野生生物持ち出し急増 昆虫採集わな設置も マナー向上、監視強化へ 奄美大島・希少野生生物保護対策協
2021年07月09日
自然・気象
奄美群島希少野生生物保護対策協議会(会長・宮澤泰子県自然保護課長)の奄美大島地区の会合が8日、奄美市名瀬であった。環境省は島内で6月下旬以降、昆虫採集用トラップの設置や、空港から大量の野生生物を持ち出そうとする事案が急増していると報告。多くは法令違反となる希少種の採集や保護区域内の行為ではなかったが、全ての動植物の採取が禁止されている国立公園の特別保護地区内でもトラップが見つかった。世界自然遺産登録に伴う来島者の増加を見据えて、関係機関で採集マナーの向上や、監視体制の強化に取り組む。
環境省によると、トラップは果物を入れたネットを木につるして昆虫をおびき寄せるものなどで、6月下旬以降、島内で15件を確認。多い所では70個以上見つかった。ほとんどは法による規制がない国立公園区域外に設置され、採集者への聞き取りでは、法令で採集が禁止されていないクワガタ類などが対象だった。
奄美空港では7月に入って、シリケンイモリやクワガタ類など、希少種ではない野生生物を大量に持ち出そうとする事案が増加。動物を機内に持ち込めない航空会社では、大量の昆虫類が放棄されることもあったという。
事務局の県自然保護課は「手慣れた採集者の多くは関係法令を熟知し、違反にならないように大量採集と持ち出しが行われている」と指摘。
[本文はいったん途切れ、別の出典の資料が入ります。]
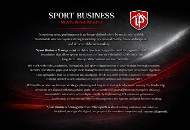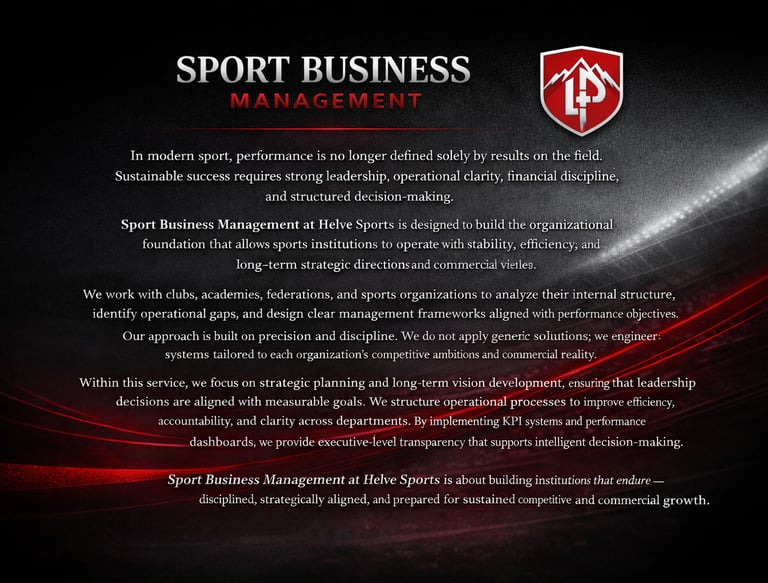 Helve Sports is a strategic sports business consultancy dedicated to building structured systems that drive performance, strengthen commercial foundations, and create sustainable growth for modern sports organizations. We combine management, marketing, commercial strategy, and digital infrastructure into one disciplined, results-driven framework.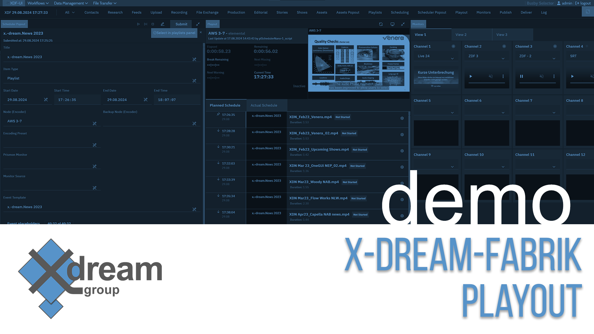 PLAYOUT consists from the x-dream-Fabrik modules Upload, Archive, Schedule, Playout and Monitor. It can be combined with all source modules like Record, Ingest, File Exchange, with the post-production product PRODUCE, with the media management product ARCHIVE, and with the output products like PUBLISH and DELIVER.

採集者に昆虫の大量採集や多数のトラップの設置は控えることなど、採集マナーの向上を呼び掛けるチラシを作成し、空港や港、公共施設などで配布する取り組みを提案した。
会合には国や県、地元市町村と関係団体から約40人が出席。「希少種に限らず、条例などで普通種も持ち出しを禁止できないか」「空港で希少種かどうか判断できる人がいない。持ち出せる数を制限するなど分かりやすくした方がいい」などの意見があった。
県は8~9月ごろ、奄美大島と徳之島の空港と港で希少種島外持ち出し防止キャンペーンを行い、旅行者や地域住民に普及啓発を図る。